**DIRECTIONS FOR THIS TASK**
Set down again exactly the lines of the listing below that fall between the line holding "Evdeco Milano Modern" and the line holding "Многофункциональный велосипедный фонарь: Держатель", inclusive.

**INFORMATION SUPPLIED**
^^^^
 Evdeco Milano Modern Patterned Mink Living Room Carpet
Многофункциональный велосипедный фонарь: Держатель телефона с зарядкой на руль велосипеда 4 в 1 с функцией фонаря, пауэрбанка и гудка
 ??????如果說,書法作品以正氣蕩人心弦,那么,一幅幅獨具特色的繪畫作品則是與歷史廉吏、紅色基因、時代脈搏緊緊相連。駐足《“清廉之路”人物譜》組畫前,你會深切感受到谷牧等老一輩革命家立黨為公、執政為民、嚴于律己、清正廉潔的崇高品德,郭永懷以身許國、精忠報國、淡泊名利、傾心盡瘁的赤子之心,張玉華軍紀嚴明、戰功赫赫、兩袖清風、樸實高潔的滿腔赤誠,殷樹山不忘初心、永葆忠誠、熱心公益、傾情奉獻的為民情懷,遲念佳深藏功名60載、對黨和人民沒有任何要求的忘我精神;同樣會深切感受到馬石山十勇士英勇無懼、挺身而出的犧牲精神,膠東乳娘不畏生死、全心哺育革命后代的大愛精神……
^^^^
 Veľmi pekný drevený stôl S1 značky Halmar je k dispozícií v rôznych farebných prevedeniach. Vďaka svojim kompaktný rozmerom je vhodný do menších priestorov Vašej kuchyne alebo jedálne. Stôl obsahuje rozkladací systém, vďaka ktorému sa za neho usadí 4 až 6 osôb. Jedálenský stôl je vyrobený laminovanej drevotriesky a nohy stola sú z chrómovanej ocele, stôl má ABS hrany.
^^^^
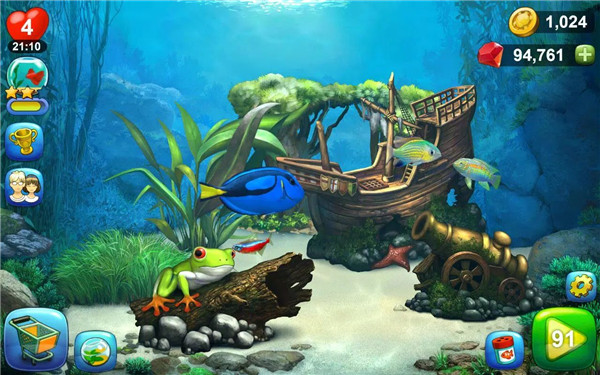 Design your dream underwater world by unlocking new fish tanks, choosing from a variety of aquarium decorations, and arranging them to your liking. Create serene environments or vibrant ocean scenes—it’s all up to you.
^^^^
**WORKED SOLUTION**
 Evdeco Milano Modern Patterned Mink Living Room Carpet
Многофункциональный велосипедный фонарь: Держатель телефона с зарядкой на руль велосипеда 4 в 1 с функцией фонаря, пауэрбанка и гудка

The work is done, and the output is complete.